TASK PROMPT: Please reproduce the data exactly, though every picture must stay out.
═══ DATA SEGMENT
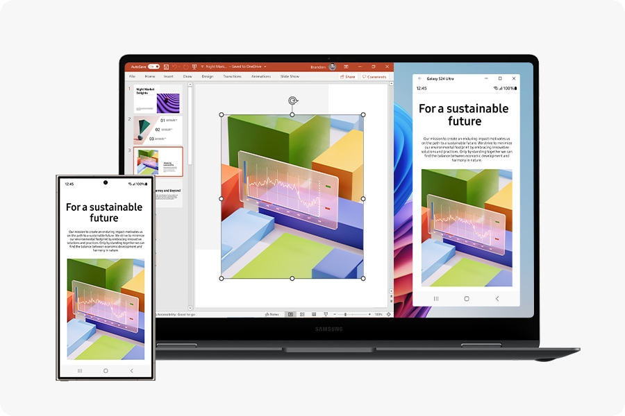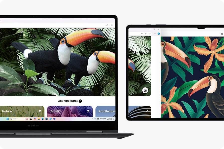 Raddoppia il tuo spazio di lavoro collegando Galaxy Tab al PC come schermo aggiuntivo. Collega i dispositivi con un semplice clic sul laptop, quindi sfrutta lo spazio extra di Galaxy Tab con le modalità Estendi, Duplica e Ruota per riorganizzare la visualizzazione.
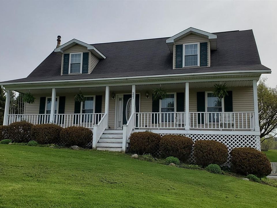 Enjoy the private yard to the pool and veggie garden or sit on your front porch looking at widespread views of the surrounding hills. This Cape offers 3-4 bedrooms, a bath on each floor and lots of storage. Pellet stove heats the house for very low utilities. In addition to the two car garage the 28 X 24 pole barn offers space for a shop, animals or a Guest B&B. This is a special home for country living close to everything. Must see it.
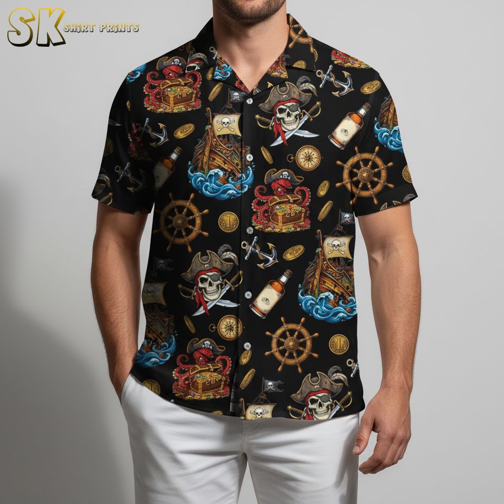 Black Pirate Hawaiian Shirt For Men Women – Skull Treasure Chest Design Summer Shirt
══════
COMPLETED EXERCISE:
 Raddoppia il tuo spazio di lavoro collegando Galaxy Tab al PC come schermo aggiuntivo. Collega i dispositivi con un semplice clic sul laptop, quindi sfrutta lo spazio extra di Galaxy Tab con le modalità Estendi, Duplica e Ruota per riorganizzare la visualizzazione.
 Enjoy the private yard to the pool and veggie garden or sit on your front porch looking at widespread views of the surrounding hills. This Cape offers 3-4 bedrooms, a bath on each floor and lots of storage. Pellet stove heats the house for very low utilities. In addition to the two car garage the 28 X 24 pole barn offers space for a shop, animals or a Guest B&B. This is a special home for country living close to everything. Must see it.
 Black Pirate Hawaiian Shirt For Men Women – Skull Treasure Chest Design Summer Shirt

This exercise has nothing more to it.